Copy nothing but the lines from the opening of the entries through the line that contains "21 Kids Girls", exactly as written. Drop the pictures.

Data entries:
>>
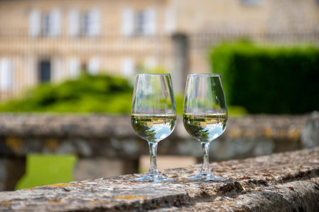 Tasing glasses of white wine in old wine domain on Sauternes vineyards in Barsac village and old castle on background, Bordeaux, France
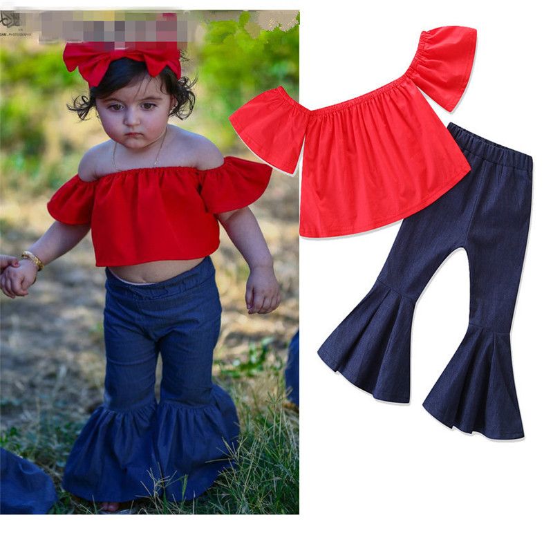 21 Kids Girls Sets Baby Girl Off Shoulder Shirt Flare Pants Suits Infant Princess Outfits Children Clothes Boutique B11 From Start Baby 85 33 Dhgate Com
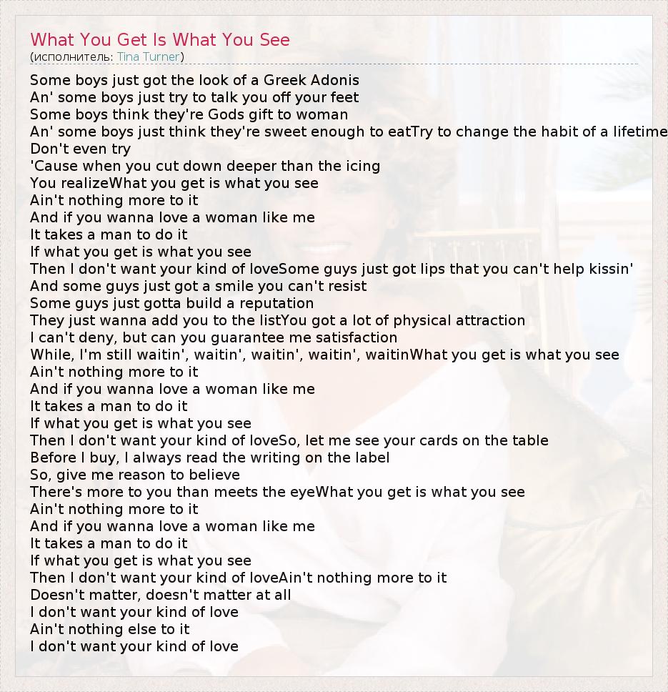 Some boys just got the look of a Greek Adonis An' some boys just try to talk you off your feet Some boys think they're Gods gift to woman An' some boys just think they're sweet enough to eatTry to change the habit of a lifetime Don't even try 'Cause when you cut down deeper than the icing You realizeWhat you get is what you see Ain't nothing more to it And if you wanna love a woman like me It takes a man to do it If what you get is what you see Then I don't want your kind of loveSome guys just got lips that you can't help kissin' And some guys just got a smile you can't resist Some guys just gotta build a reputation They just wanna add you to the listYou got a lot of physical attraction I can't deny, but can you guarantee me satisfaction While, I'm still waitin', waitin', waitin', waitin', waitinWhat you get is what you see Ain't nothing more to it And if you wanna love a woman like me It takes a man to do it If what you get is what you see Then I don't want your kind of loveSo, let me see your cards on the table Before I buy, I always read the writing on the label So, give me reason to believe There's more to you than meets the eyeWhat you get is what you see Ain't nothing more to it And if you wanna love a woman like me It takes a man to do it If what you get is what you see Then I don't want your kind of loveAin't nothing more to it Doesn't matter, doesn't matter at all I don't want your kind of love Ain't nothing else to it I don't want your kind of love
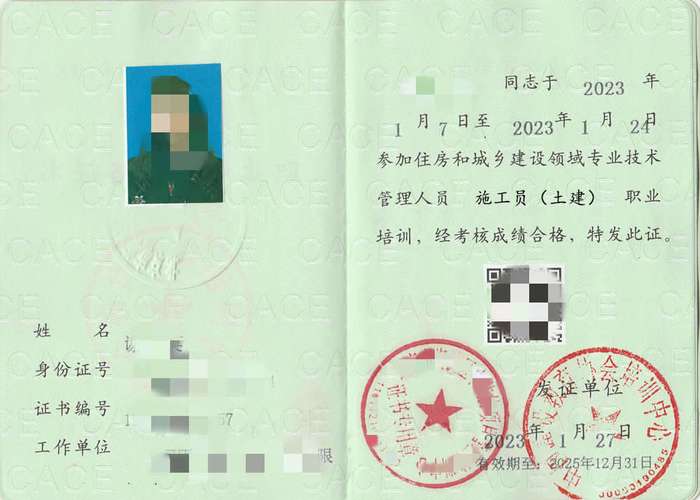 3、施工员分为多个专业类别,如土建施工员、电气施工员、水暖施工员和市政施工员等。考生可以根据自己的兴趣和职业规划选择合适的专业类别进行报考。证书获取:考生在完成培训和考试后,如果成绩合格,将获得施工员证书。施工员证书是从事施工员工作的必备证书,也是进一步考取更高级职业资格证书的基础。
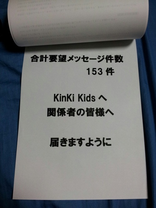 また、余談にはなりますが堂本兄弟へのメッセージ、以前のスマキンキ企画のようにハガキ要望も思いが伝わる手段かなと思います。
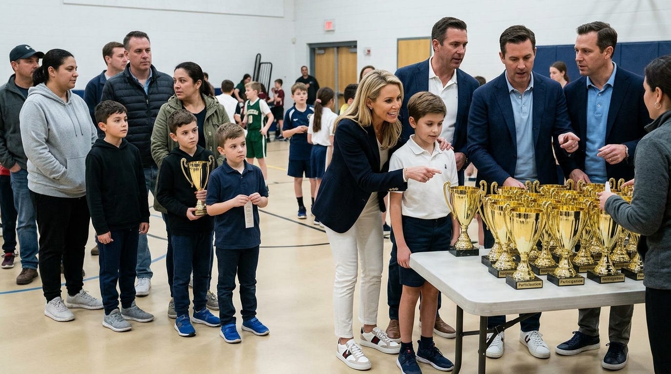 Bowen explores the social consequences of elite complacency and populist politics:Participation trophies and helicopter parenting symbolize how elites create inside games and protected environments that limit genuine merit-based advancement for the middle class.
<<
**EXERCISE SOLUTION:**
 Tasing glasses of white wine in old wine domain on Sauternes vineyards in Barsac village and old castle on background, Bordeaux, France
 21 Kids Girls Sets Baby Girl Off Shoulder Shirt Flare Pants Suits Infant Princess Outfits Children Clothes Boutique B11 From Start Baby 85 33 Dhgate Com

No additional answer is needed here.